Vivarelli (Confsal): “Siamo alla farsa pagando a rate con pochi spiccioli il Tfr”

di Redazione | 13 Luglio 2021 @ 21:12 | ATTUALITA'
Print Friendly and PDF

L’AQUILA – “Siamo alla farsa: abbiamo scoperto che si possono pagare a rate di poche decine di euro, a volte anche meno, i trattamenti di fine rapporto, ma è una farsa inaccettabile. Ci stiamo muovendo nelle sedi opportune per mettere fine a questa situazione scandalosa. I lavoratori e le loro famiglie meritano rispetto”.

Interviene così Marcello Vivarelli, sindacalista, segretario di categoria del Terziario della Confsal dell’Aquila, sui recenti sviluppi della questione dei trattamenti di fine rapporto (tfr) che deve pagare l’impresa di pulizie Dm ad alcuni suoi ex dipendenti nell’ambito dell’appalto per le pulizie alla Asl 1 di AvezzanoSulmona-L’Aquila. Alla Dm è recentemente subentrata, vincendo la gara, la Dussmann.

In un primo momento, la Dm, stando alla ricostruzione fatta proprio dal sindacato di Vivarelli, aveva reso noto che avrebbe pagato il tfr in sei rate, una ‘strada’, secondo la stessa Dm, obbligata, a causa del fatto che la Asl aquilana non aveva ancora provveduto a saldare delle vecchie fatture all’azienda che poi ha ceduto il posto alla Dussmann; la Confsal aquilana aveva inoltre chiesto di poter partecipare al tavolo di confronto a cui si sono sedute altre sigle sindacali, promettendo di rivolgersi direttamente alla Asl provinciale, a cui comunque la Confasl ha dato una “strigliata” invitandola a saldare le fatture arretrate, qualora la richiesta fosse andata a vuoto.

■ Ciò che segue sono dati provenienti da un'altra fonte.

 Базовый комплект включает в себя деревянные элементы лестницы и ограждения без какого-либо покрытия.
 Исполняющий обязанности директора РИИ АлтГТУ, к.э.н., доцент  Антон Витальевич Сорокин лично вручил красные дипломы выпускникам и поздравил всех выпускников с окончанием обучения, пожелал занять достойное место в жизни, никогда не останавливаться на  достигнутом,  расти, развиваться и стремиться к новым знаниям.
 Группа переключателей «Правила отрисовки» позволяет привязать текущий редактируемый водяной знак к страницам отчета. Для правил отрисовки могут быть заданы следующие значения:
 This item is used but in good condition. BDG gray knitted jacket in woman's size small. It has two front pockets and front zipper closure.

“Ma adesso la ‘musica’ è addirittura peggiorata – evidenzia con rabbia Vivarelli – Ricevere il pagamento di una rata anche da 7 euro è qualcosa di osceno, ma sta succedendo questo. Il che significa, letteralmente, offendere i lavoratori e le loro famiglie per cui, lo sottolineiamo sempre, un tfr da alcune migliaia di euro rappresenta una vera e propria boccata di ossigeno in un periodo terribile come quello che stiamo vivendo a causa della gestione dell’emergenza Covid-19”.

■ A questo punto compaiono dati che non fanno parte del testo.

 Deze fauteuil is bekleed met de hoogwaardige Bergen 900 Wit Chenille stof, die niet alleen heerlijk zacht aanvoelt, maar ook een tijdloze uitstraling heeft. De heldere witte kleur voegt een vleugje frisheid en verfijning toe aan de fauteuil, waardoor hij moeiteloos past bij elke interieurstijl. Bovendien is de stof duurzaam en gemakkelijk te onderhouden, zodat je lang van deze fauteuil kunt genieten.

“Non possiamo restare immobili di fronte a un simile scempio – conclude il sindacalista aquilano – e d’ora in avanti non tollereremo che certi episodi si verifichino di nuovo. Intanto, però, stiamo predisponendo azioni decise e concrete rivolgendoci agli organi competenti. Una cosa di questo genere non può passare così e chi ha sbagliato deve pagare. Altrimenti sarà stata permessa l’ennesima azione vessatoria nei confronti di chi si spacca la schiena per le pulizie nelle strutture sanitarie pubbliche di questa provincia”.